**What this task involves**
For this task, output exactly the lines of the material below starting at the line with "OLTU ZÜMRÜDÜ TAŞI: Karadeniz" and ending at the line with "LUNA - SAINT-RAPHAËL (13)"; pictures are to be excluded.
───── Provided information ─────
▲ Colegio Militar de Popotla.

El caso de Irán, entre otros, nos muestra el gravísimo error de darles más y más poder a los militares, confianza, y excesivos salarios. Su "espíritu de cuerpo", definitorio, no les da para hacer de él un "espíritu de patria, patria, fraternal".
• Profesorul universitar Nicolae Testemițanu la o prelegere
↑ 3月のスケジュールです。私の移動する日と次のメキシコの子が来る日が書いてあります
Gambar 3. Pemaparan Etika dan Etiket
─────
───── Provided information ─────
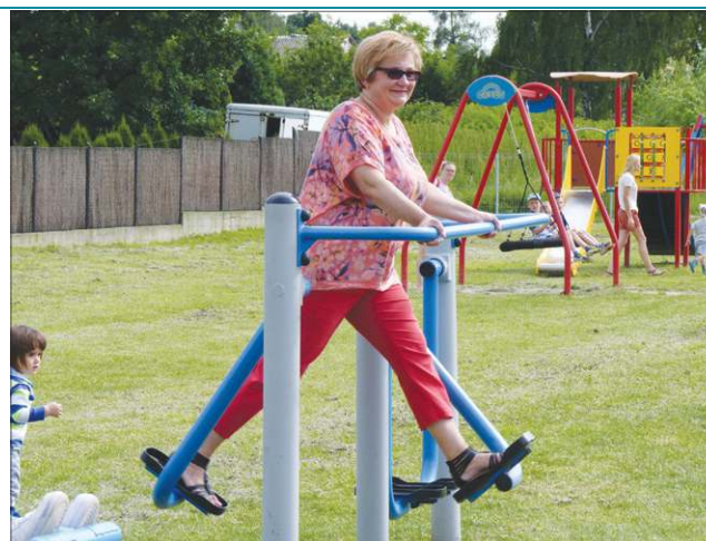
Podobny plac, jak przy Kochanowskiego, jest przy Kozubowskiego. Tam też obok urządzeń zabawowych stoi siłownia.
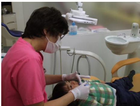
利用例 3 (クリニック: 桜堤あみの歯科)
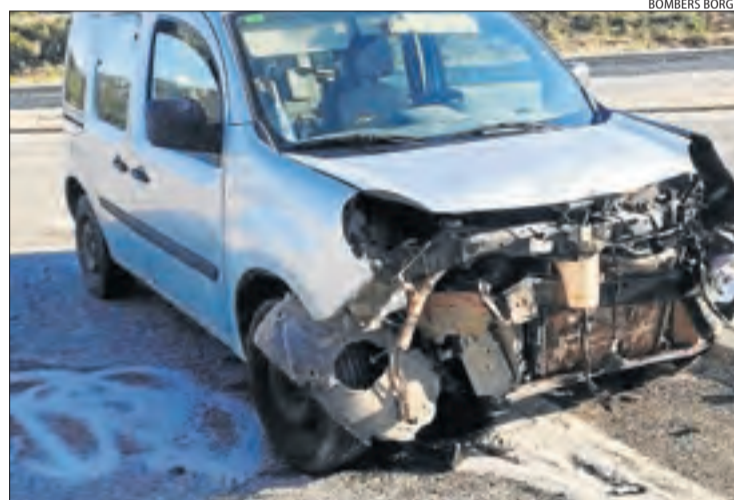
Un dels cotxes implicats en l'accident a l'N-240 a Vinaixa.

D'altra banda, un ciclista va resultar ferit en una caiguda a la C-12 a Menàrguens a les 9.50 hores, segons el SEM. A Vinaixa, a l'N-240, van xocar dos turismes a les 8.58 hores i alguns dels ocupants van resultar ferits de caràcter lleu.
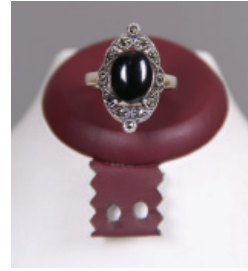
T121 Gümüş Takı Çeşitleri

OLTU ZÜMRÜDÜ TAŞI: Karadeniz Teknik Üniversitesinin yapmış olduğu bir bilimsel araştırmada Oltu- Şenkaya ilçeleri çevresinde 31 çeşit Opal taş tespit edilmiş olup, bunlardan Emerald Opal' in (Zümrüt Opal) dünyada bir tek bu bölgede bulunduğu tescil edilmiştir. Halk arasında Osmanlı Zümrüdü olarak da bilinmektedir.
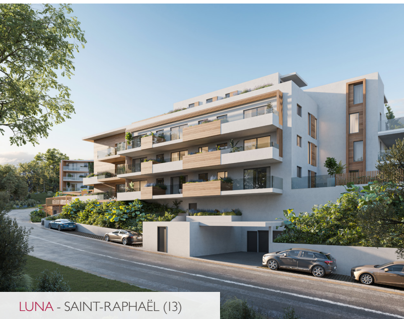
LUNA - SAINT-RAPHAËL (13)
─────
**Written answer**
OLTU ZÜMRÜDÜ TAŞI: Karadeniz Teknik Üniversitesinin yapmış olduğu bir bilimsel araştırmada Oltu- Şenkaya ilçeleri çevresinde 31 çeşit Opal taş tespit edilmiş olup, bunlardan Emerald Opal' in (Zümrüt Opal) dünyada bir tek bu bölgede bulunduğu tescil edilmiştir. Halk arasında Osmanlı Zümrüdü olarak da bilinmektedir.
LUNA - SAINT-RAPHAËL (13)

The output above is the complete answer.